***** Excerpted records *****

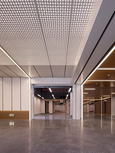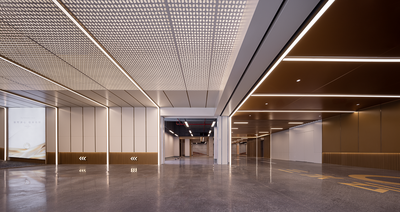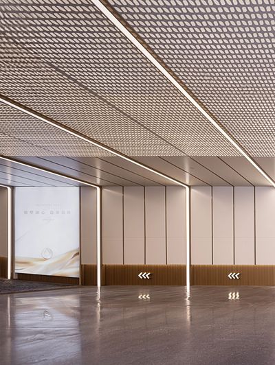 传统地库的管线裸露问题,在三水云鼎被转化为设计语言。设计师以“解构-重组”的手法,将消防、通风、照明管线纳入铝吊顶体系,通过模块化组合与灯光层次设计,让管线成为空间秩序的“隐性表达”。
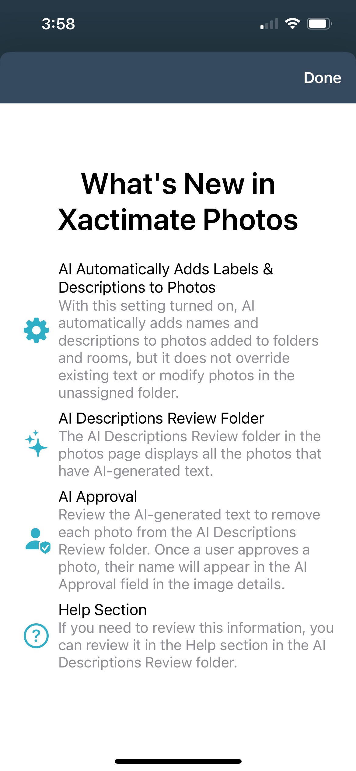 To access the AI text generation from within a project, select Photos in the navigation menu. If it is your first time accessing Photos with this feature enabled, an information screen appears that provides a high-level description of Xactimate’s AI labeling. When you are done reviewing the information, select Done.
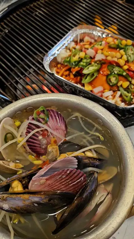 드디어 기다리고 기다리던 토핑 조개구이가 등장했다. 큼지막한 조개 위에 다채로운 토핑들이 듬뿍 올려져 있는 모습은 그야말로 장관이었다. 치즈, 초장, 고기, 맛살 등 다양한 토핑들이 조개와 어우러져 환상적인 비주얼을 자랑했다. 사진으로만 보던 비주얼을 실제로 보니 감탄사가 절로 나왔다. 얼른 맛보고 싶은 마음에 손이 떨릴 정도였다.
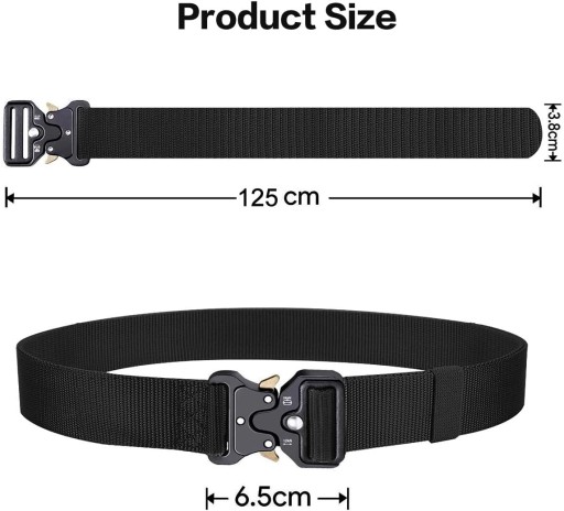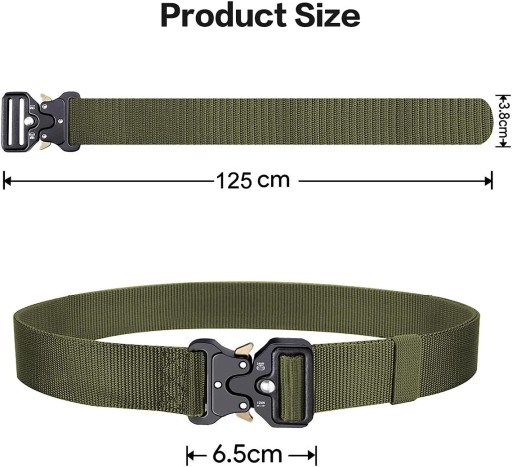 Wysokiej jakości nylon: pasek z klamrą z funkcją zwolnienia, wykonany z przyjaznego dla środowiska materiału nylonowego 1000D o wysokiej wytrzymałości i szybkości działania. Jest oddychający i bardzo wygodny w codziennym użytkowaniu Klamra z funkcją zwolnienia: Intuicyjna i płynna funkcja zwolnienia, wystarczy samoczynne użycie wyłączników. Jeśli aktywna jest tylko jedna karta, połączenie będzie nadal blokowane automatycznie. paska taktycznego: 125 cm, szerokość: 3,8 cm, pasuje do 30-43. Wytrzymała konstrukcja: ten pas taktyczny ma dołączoną wojskową klamrę wykonaną z wytrzymago metalu. Maksymalny ciężar nośny 500 kg, szeroko stosowany do ogólnego szkolenia lub wypraw kempingowych na zewnątrz. Szerokie zastosowanie: dziesięć pasów użytkowych, które nadają się do codziennego użytku, pracy, bezpieczeństwa, treningu, walki, organizacji, zawodów, sportów na świeżym powietrzu, polowań, wędrówek, biwakowania, wspinaczki, jazdy na rowerze, podróży, przetrwania w dziczy itp. Opis produktu
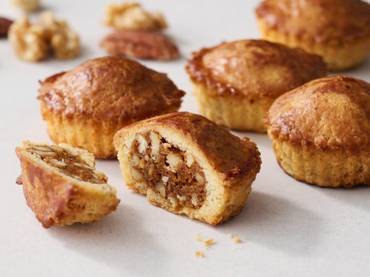 厚みのあるガレットの中に、クルミ、ピーカンナッツ、カシューナッツの3種のナッツをバランス良く合わせた奥深い味わいのキャラメルナッツを包みました。北海道産小麦粉とバターを使用したガレット生地は、ヘーゼルナッツパウダーを加え、風味豊かでほろっとした食感に。【商品名】ガレット キャラメルノワ
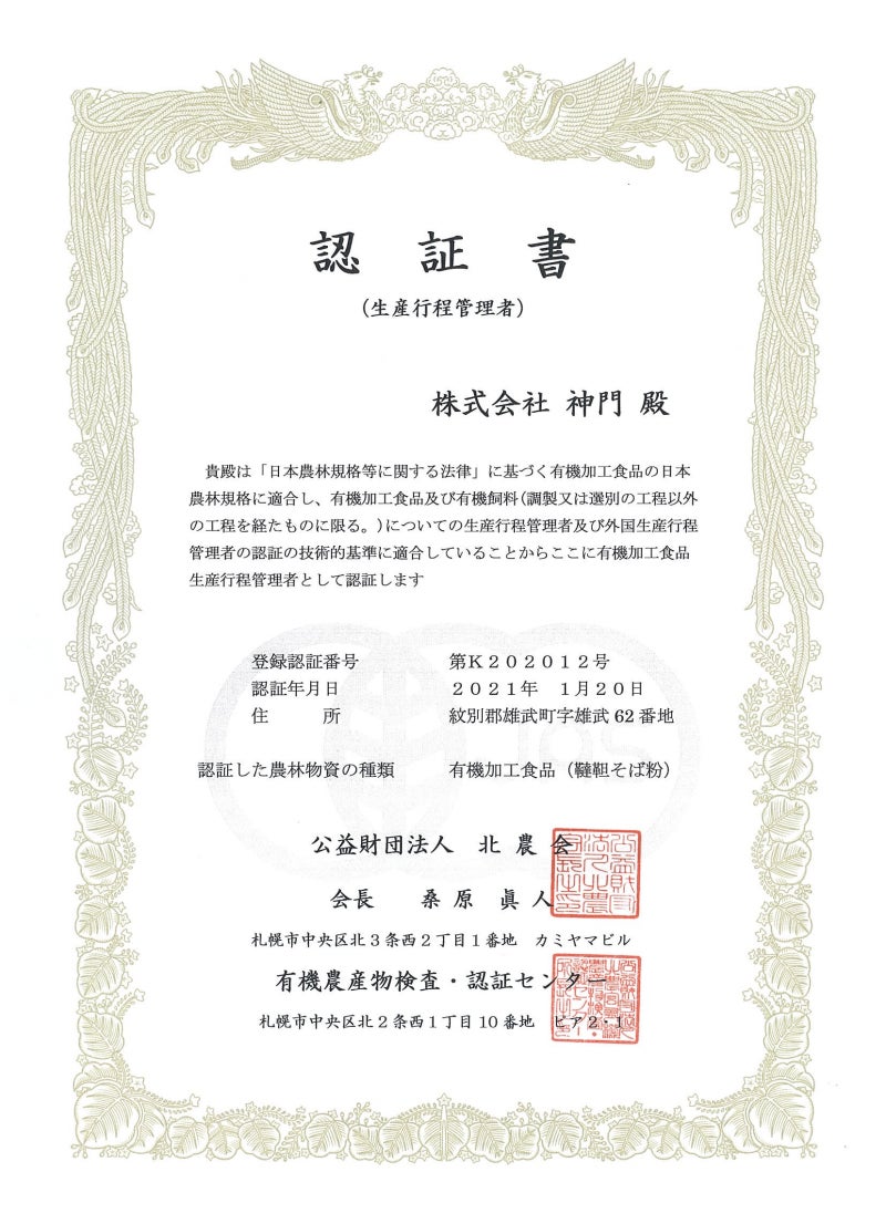 株式会社神門は、北海道オホーツク雄武町でルチン豊富な韃靼(だったん)そばを有機栽培しております。

*****

* **Task brief**
Going by the entries above, repeat exactly the lines that start at the line with "To access the" and go on through the line with "드디어 기다리고 기다리던". Pictures are not part of the copy.

* **Response to the task**
 To access the AI text generation from within a project, select Photos in the navigation menu. If it is your first time accessing Photos with this feature enabled, an information screen appears that provides a high-level description of Xactimate’s AI labeling. When you are done reviewing the information, select Done.
 드디어 기다리고 기다리던 토핑 조개구이가 등장했다. 큼지막한 조개 위에 다채로운 토핑들이 듬뿍 올려져 있는 모습은 그야말로 장관이었다. 치즈, 초장, 고기, 맛살 등 다양한 토핑들이 조개와 어우러져 환상적인 비주얼을 자랑했다. 사진으로만 보던 비주얼을 실제로 보니 감탄사가 절로 나왔다. 얼른 맛보고 싶은 마음에 손이 떨릴 정도였다.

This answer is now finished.